Could the entries below be reproduced exactly, with the images removed?
───
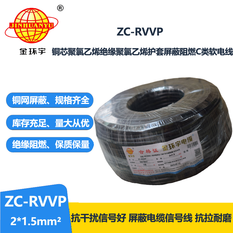 金环宇电线电缆 ZC-RVVP2X1.5阻燃铜编织屏蔽电缆线 防干扰
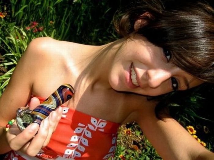 Sharon is blij want ze heeft puur roken in een wietpijpje ontdekt, veel lekkerder en higher bovendien!
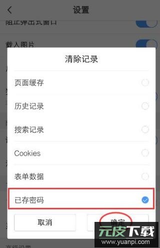在清除记录页面中,勾选【已存密码】选项,然后点击确定按钮。
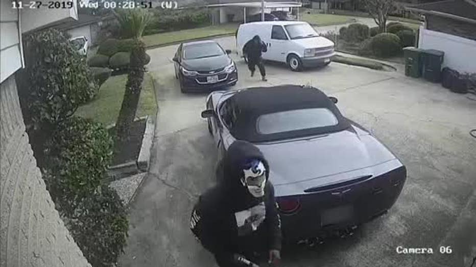 The vehicle stopped and two unknown males reportedly exited and ran up to him while holding handguns. Video shows a third male exit the car and run toward the house. Police say the suspects grabbed the man and dragged him into his house while demanding money.
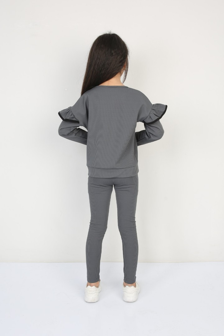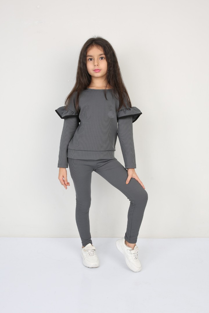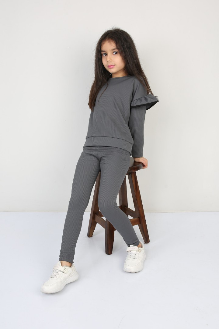 Şardonlu Fitilli Fırfır Detaylı Taytlı Günlük Kız Çocuk Takım
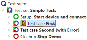 - Action Select the Test suite node and start the test run via the key Enter.
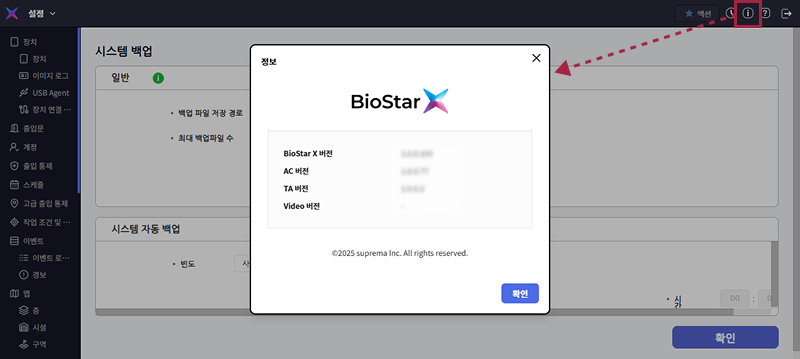 백업 시점의 BioStar X 버전과 현재 버전이 다를 경우 복원을 진행할 수 없습니다. BioStar X의 버전을 확인하려면 화면 오른쪽 최상단의 버튼을 클릭하세요.
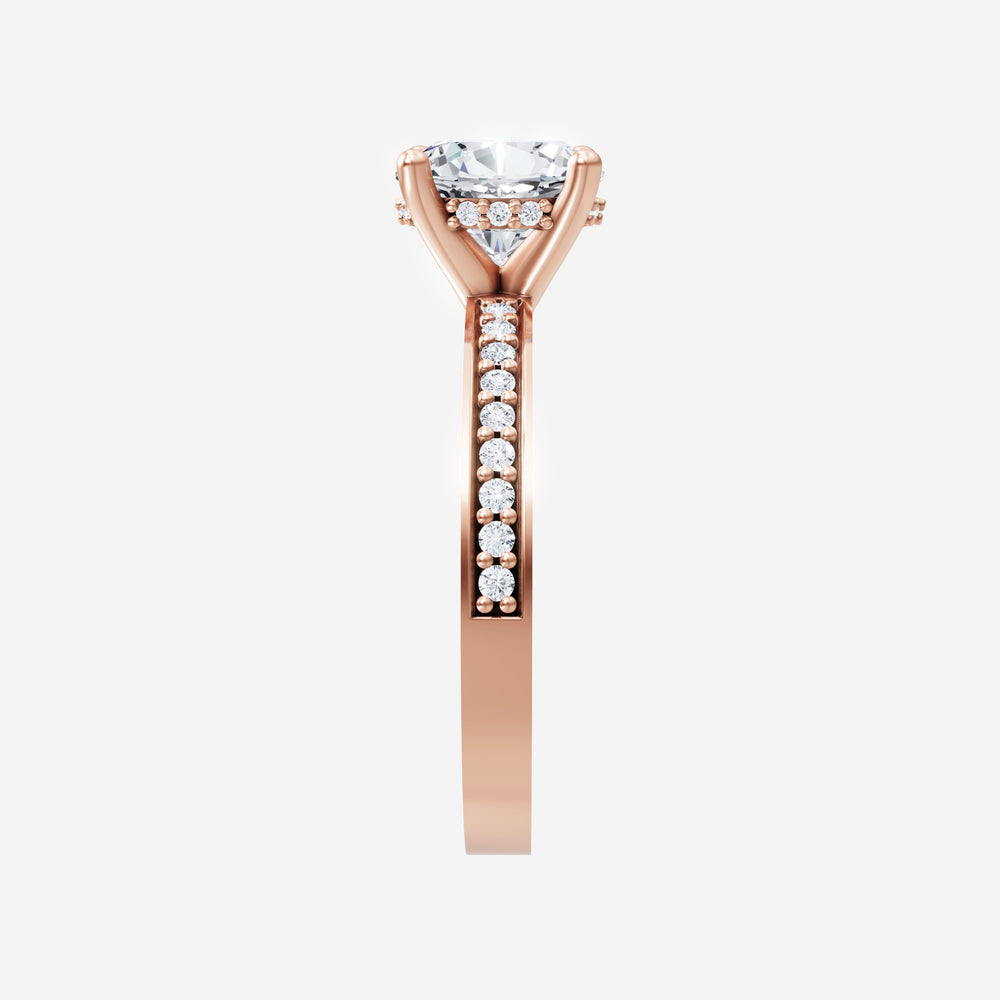 You’ve designed a ring that reflects lasting elegance and grace! Crafted from 18k Rose Gold, this exquisite Oval lab-grown diamond is the centerpiece of this unique design. This Single Pave Shank with a Hidden Halo head showcases the brilliance of the Oval diamond, creating a timeless look. Ideal for those who seek both beauty and meaning, this ring will stand as a testament to cherished memories.
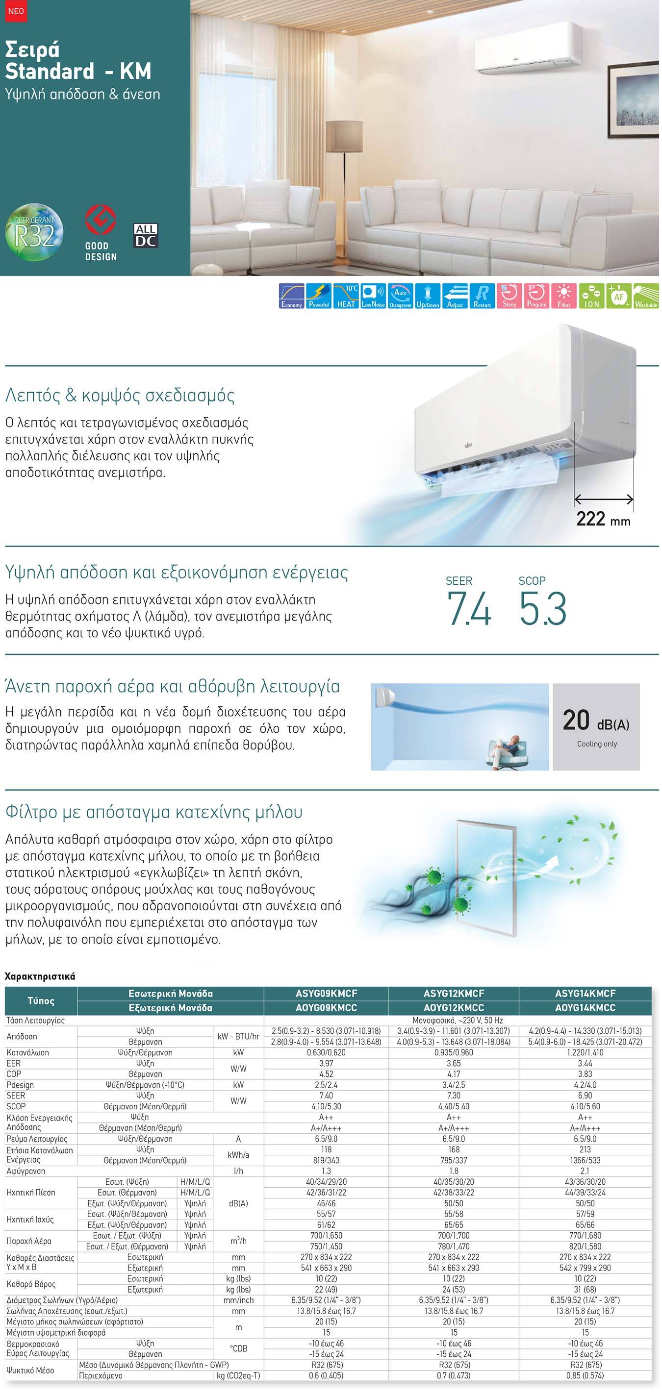 Κλιματιστικό τοίχου Fujitsu KM Series DC Inverter WiFi R32 12000btu ASYG12KMCF.AOYG12KMCC White
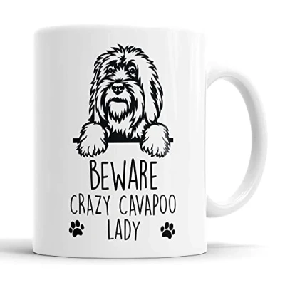 Cavapoo Mug Beware Crazy Lady Gift Dog for Birthday Christmas Friend, Mum, Auntie, Sister Ceramic Cup
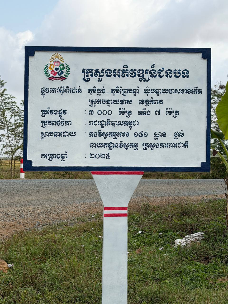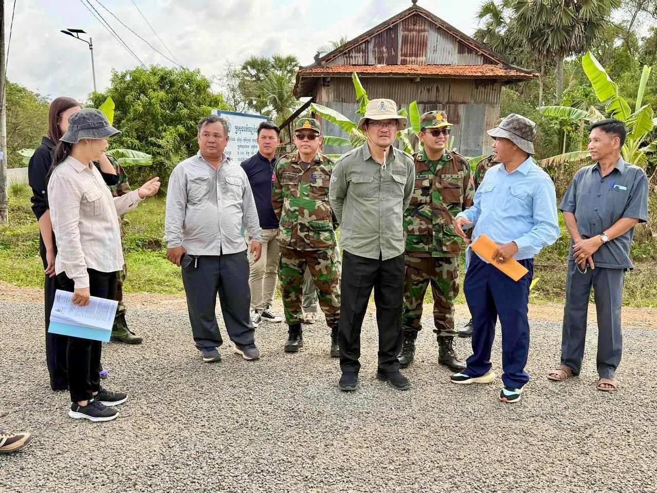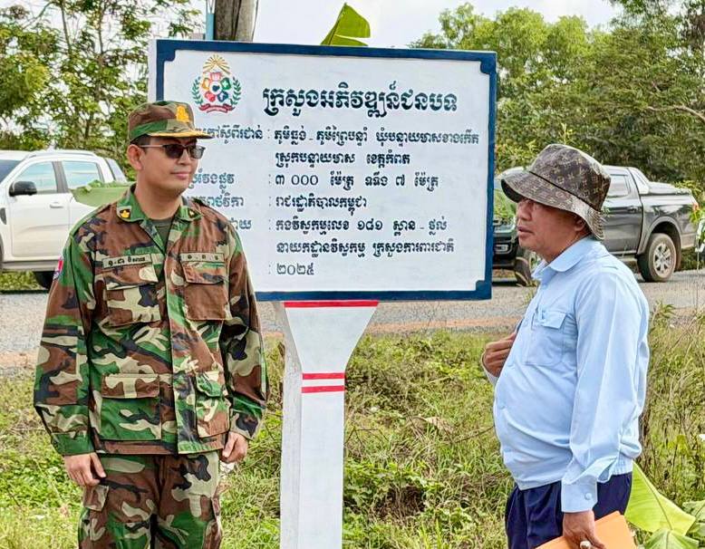 (កំពត)៖ លោក សាន វិសាល រដ្ឋលេខាធិការតំណាងលោក ឆាយ ឫទ្ធិសែន រដ្ឋមន្ត្រីក្រសួងអភិវឌ្ឍន៍ជនបទ នៅថ្ងៃទី២៨ ខែមករា ឆ្នាំ២០២៦នេះ បានដឹកនាំគណៈកម្មការអន្តរក្រសួង រួមមាន៖ ក្រសួងអភិវឌ្ឍន៍ជនបទ និងក្រសួងសេដ្ឋកិច្ច និងហិរញ្ញវត្ថុ ចុះត្រួតពិនិត្យ វាយតម្លៃ លើការងារលើកកម្រិតគុណភាពផ្លូវក្រាលកៅស៊ូពីរជាន់ DBST ចំនួន ១ខ្សែ, ប្រវែង ៣ ០០០ម៉ែត្រ, និងទទឹង ៧ ម៉ែត្រ ស្ថិតនៅភូមិព្រៃបន្ទំ ទៅភូមិធ្នង់ ឃុំបន្ទាយមាសខាងកើត ស្រុកបន្ទាយមាស ខេត្តកំពត គម្រោងនេះអនុវត្តដោយនាយកដ្ឋានវិស្វកម្មក្រសួងការពារជាតិ។
───
# Exercise answer
 金环宇电线电缆 ZC-RVVP2X1.5阻燃铜编织屏蔽电缆线 防干扰
 Sharon is blij want ze heeft puur roken in een wietpijpje ontdekt, veel lekkerder en higher bovendien!
在清除记录页面中,勾选【已存密码】选项,然后点击确定按钮。
 The vehicle stopped and two unknown males reportedly exited and ran up to him while holding handguns. Video shows a third male exit the car and run toward the house. Police say the suspects grabbed the man and dragged him into his house while demanding money.
 Şardonlu Fitilli Fırfır Detaylı Taytlı Günlük Kız Çocuk Takım
 - Action Select the Test suite node and start the test run via the key Enter.
 백업 시점의 BioStar X 버전과 현재 버전이 다를 경우 복원을 진행할 수 없습니다. BioStar X의 버전을 확인하려면 화면 오른쪽 최상단의 버튼을 클릭하세요.
 You’ve designed a ring that reflects lasting elegance and grace! Crafted from 18k Rose Gold, this exquisite Oval lab-grown diamond is the centerpiece of this unique design. This Single Pave Shank with a Hidden Halo head showcases the brilliance of the Oval diamond, creating a timeless look. Ideal for those who seek both beauty and meaning, this ring will stand as a testament to cherished memories.
 Κλιματιστικό τοίχου Fujitsu KM Series DC Inverter WiFi R32 12000btu ASYG12KMCF.AOYG12KMCC White
 Cavapoo Mug Beware Crazy Lady Gift Dog for Birthday Christmas Friend, Mum, Auntie, Sister Ceramic Cup
 (កំពត)៖ លោក សាន វិសាល រដ្ឋលេខាធិការតំណាងលោក ឆាយ ឫទ្ធិសែន រដ្ឋមន្ត្រីក្រសួងអភិវឌ្ឍន៍ជនបទ នៅថ្ងៃទី២៨ ខែមករា ឆ្នាំ២០២៦នេះ បានដឹកនាំគណៈកម្មការអន្តរក្រសួង រួមមាន៖ ក្រសួងអភិវឌ្ឍន៍ជនបទ និងក្រសួងសេដ្ឋកិច្ច និងហិរញ្ញវត្ថុ ចុះត្រួតពិនិត្យ វាយតម្លៃ លើការងារលើកកម្រិតគុណភាពផ្លូវក្រាលកៅស៊ូពីរជាន់ DBST ចំនួន ១ខ្សែ, ប្រវែង ៣ ០០០ម៉ែត្រ, និងទទឹង ៧ ម៉ែត្រ ស្ថិតនៅភូមិព្រៃបន្ទំ ទៅភូមិធ្នង់ ឃុំបន្ទាយមាសខាងកើត ស្រុកបន្ទាយមាស ខេត្តកំពត គម្រោងនេះអនុវត្តដោយនាយកដ្ឋានវិស្វកម្មក្រសួងការពារជាតិ។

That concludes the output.